PROMPT:
When you reach the line containing "小燕子叼花的后背个性纹身图案", begin reproducing the material exactly, stop after the line containing "Elevate your wedding", and leave out any pictures along the way.

RECORD SET:

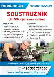 hledá pro oddělení Zakázkové výroby na ul. Sokolské v Mokrých Lazcích vhodného kandidáta na pozici: SOUSTRUŽNÍK (SU 50) – jen ranní směna.
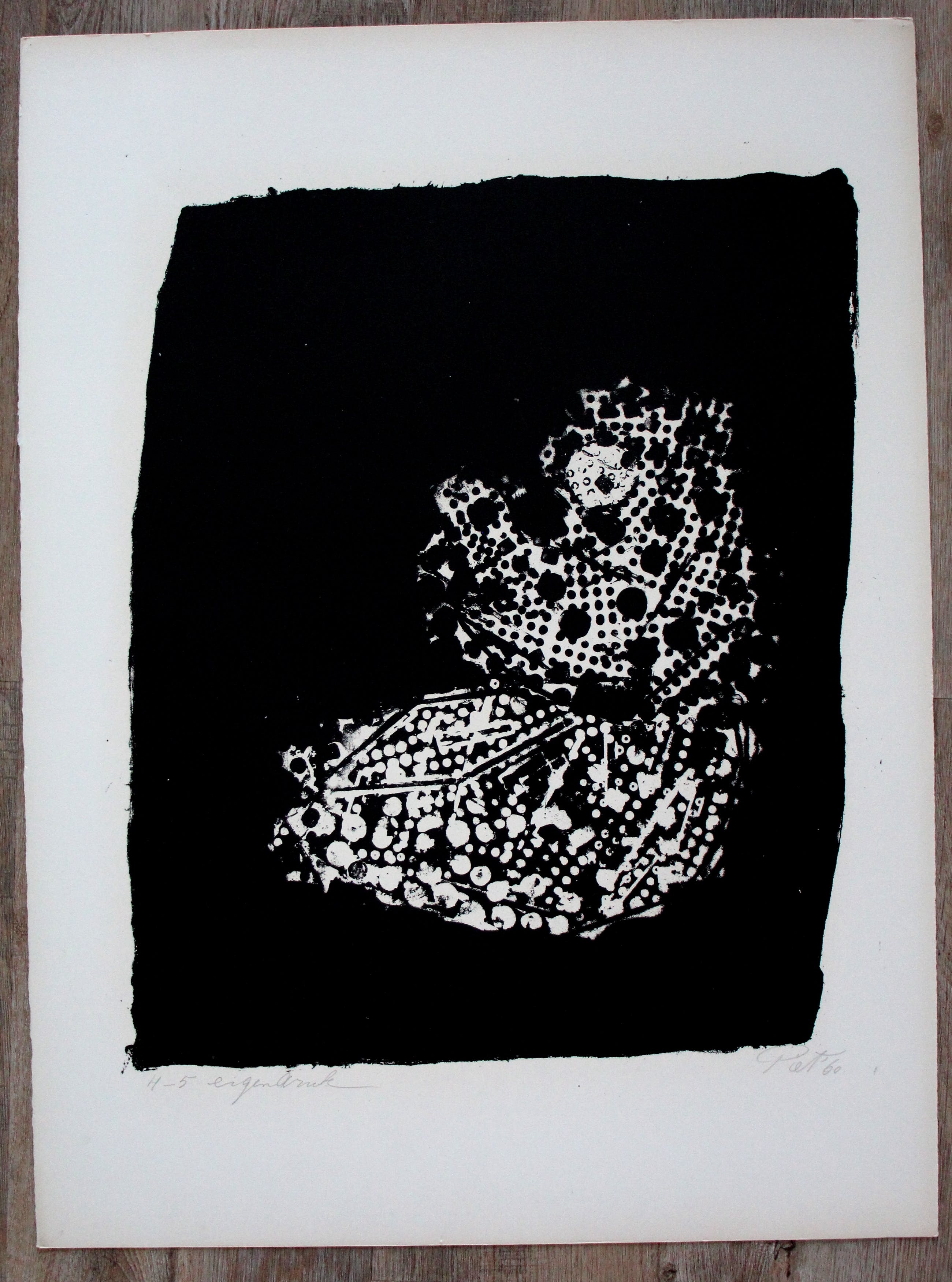 Abstracte compositie uit 1961 van Piet van Stuivenberg. Nummer: 2/3, eigen druk. Afmetingen blad: H66 x B56 cm. Afmetingen voorstelling: H55 x B40 cm. Het werk is rechtsonder aan gesigneerd door de kunstenaar. De authenticiteit van dit werk wordt volledig gegarandeerd. Een certificaat van echtheid kan, op verzoek, worden gemaild.
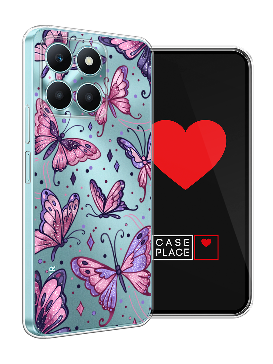 10 цен на Чехол на Honor X6A / Хонор X6A с принтом Фиолетовые бабочки, прозрачный
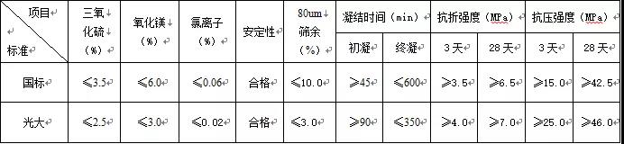 “凱城”牌P·C42.5水泥主要技術內控指標與國標對比
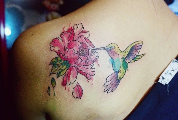 小燕子叼花的后背个性纹身图案
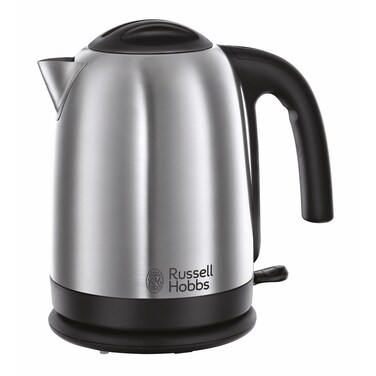 Stylish polished stainless steel Russell Hobbs cordless kettle with black plastic accents. The rapid boil zone indicator allows you to fill just the right amount of water and boils one cup in only 45 seconds. The removable washable lime scale filter will keep your brew tasting amazing and is ideal for those living in hard water areas.Rapid boil zone featureEasy-pour spout360 degree base with integrated cord storageConcealed heating elementRemovable, washable filterInternal water indicator3000WCapacity: 1.7 litres
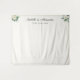 Elevate your wedding decor with this stylish wedding backdrop, perfect for a garden reception or modern indoor ceremony. Featuring delicate floral corner accents and elegant script typography, the fabric backdrop is customizable with the couple's names and wedding date.
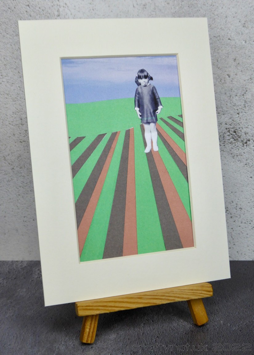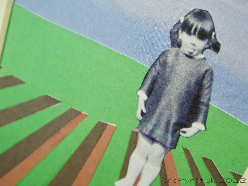The example in the book uses a side-on view of stairs for the perspective element but, not wanting to simply copy that design, I chose instead to create a ploughed field effect. The girl standing in the field is from a very old photo of me — I’m not sure how old I was there but it feels like it might have been taken at the start of a school year. In the original photo I am standing on the grass in front of one of the farm buildings, but we were surrounded by arable land so the ploughed field is an appropriate setting.

ANSWER TO THIS PROBLEM:
 小燕子叼花的后背个性纹身图案
 Stylish polished stainless steel Russell Hobbs cordless kettle with black plastic accents. The rapid boil zone indicator allows you to fill just the right amount of water and boils one cup in only 45 seconds. The removable washable lime scale filter will keep your brew tasting amazing and is ideal for those living in hard water areas.Rapid boil zone featureEasy-pour spout360 degree base with integrated cord storageConcealed heating elementRemovable, washable filterInternal water indicator3000WCapacity: 1.7 litres
 Elevate your wedding decor with this stylish wedding backdrop, perfect for a garden reception or modern indoor ceremony. Featuring delicate floral corner accents and elegant script typography, the fabric backdrop is customizable with the couple's names and wedding date.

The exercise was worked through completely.